RECORD: Darwin, C. R. n.d. Abstract of Athenaeum, 1850. CUL-DAR205.9.240. Edited by John van Wyhe (Darwin Online, http://darwin-online.org.uk/)

REVISION HISTORY: Transcribed by Christine Chua and edited by John van Wyhe 9.2021. RN1

NOTE: The brown crayon number '22' indicates that this document was filed by Darwin in his portfolio for the subject of Palaeontology: extinction.

Reproduced with permission of the Syndics of Cambridge University Library and William Huxley Darwin.
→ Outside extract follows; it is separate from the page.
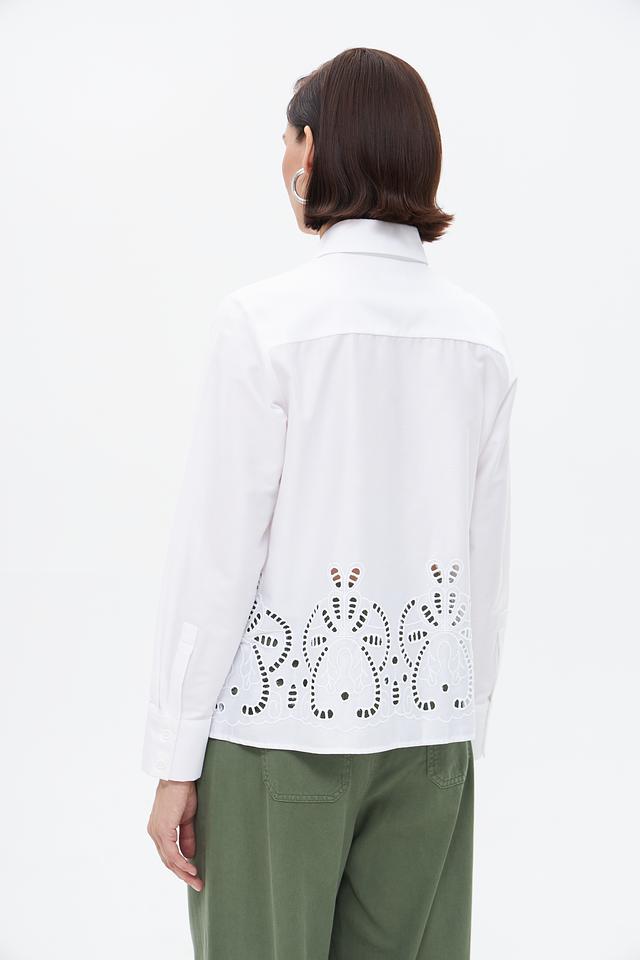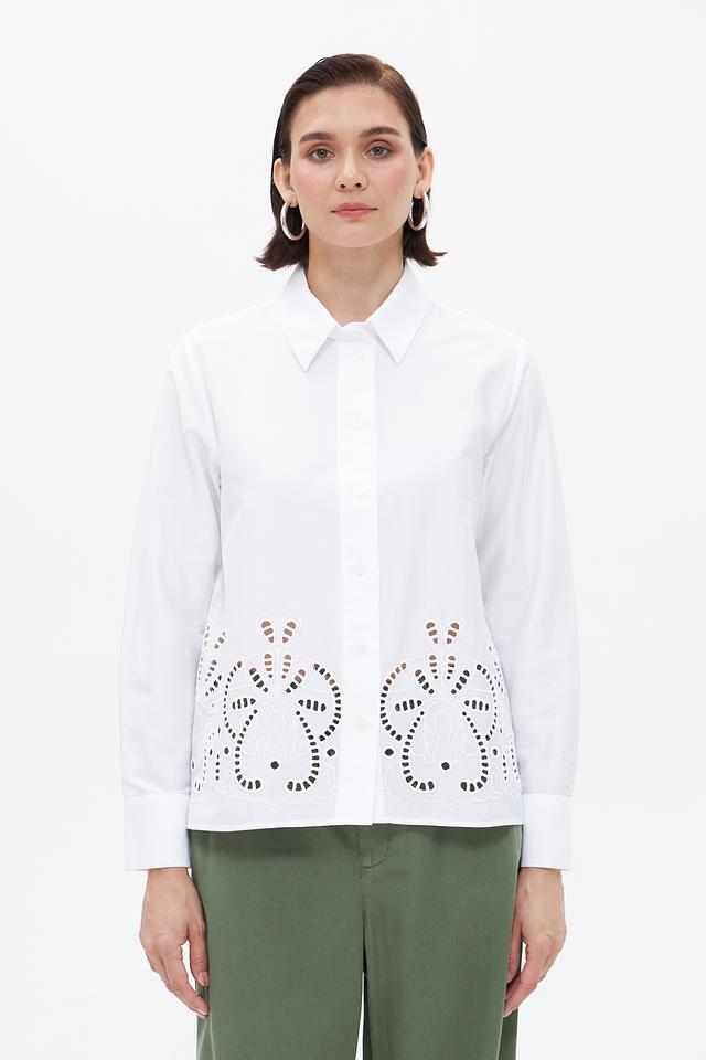 Особенностью данной модели является декоративная вышивка в виде цветочных мотивов на нагруди, придающая ей изысканность и женственность. Блузка застегивается на пуговицы по всей длине. Она идеально подойдет для создания как деловых, так и повседневных образов.

The volume CUL-DAR205.9 contains notes on palaeontology and geology [regarding theory of evolution].


[240]

22

Athenaeum. 1850. p. 847. [line excised]

The 3 stages of the Purbeck beds have distinct species - "not simply in a rapid or sudden change of their area into land or sea, but in the great lapse of time which intervened between their epochs of deposition" I fancy the Weald Clay & Hastings sand again distinct, if so this very curious case. - Wealden connected with Oolite.  Murchison "remarked on small" "physical extent of the Purbeck strata compared with "their palaeontological importance, confirming the "belief that a whole epoch may be represented by a "few feet of deposit" - N.B. Purbeck found on continent.

[R. Murchison. 1850. Athenaeum, no. 1189 (10 August): 847.]

p. 879. do. do. In Bohemia an older series of Silurian fossils than any known in England. Murchison announced. M. Barrande.

[words excised] Strachy on Boulder drift at 15500 ft. in Himalaya [few words excised] of upheaval.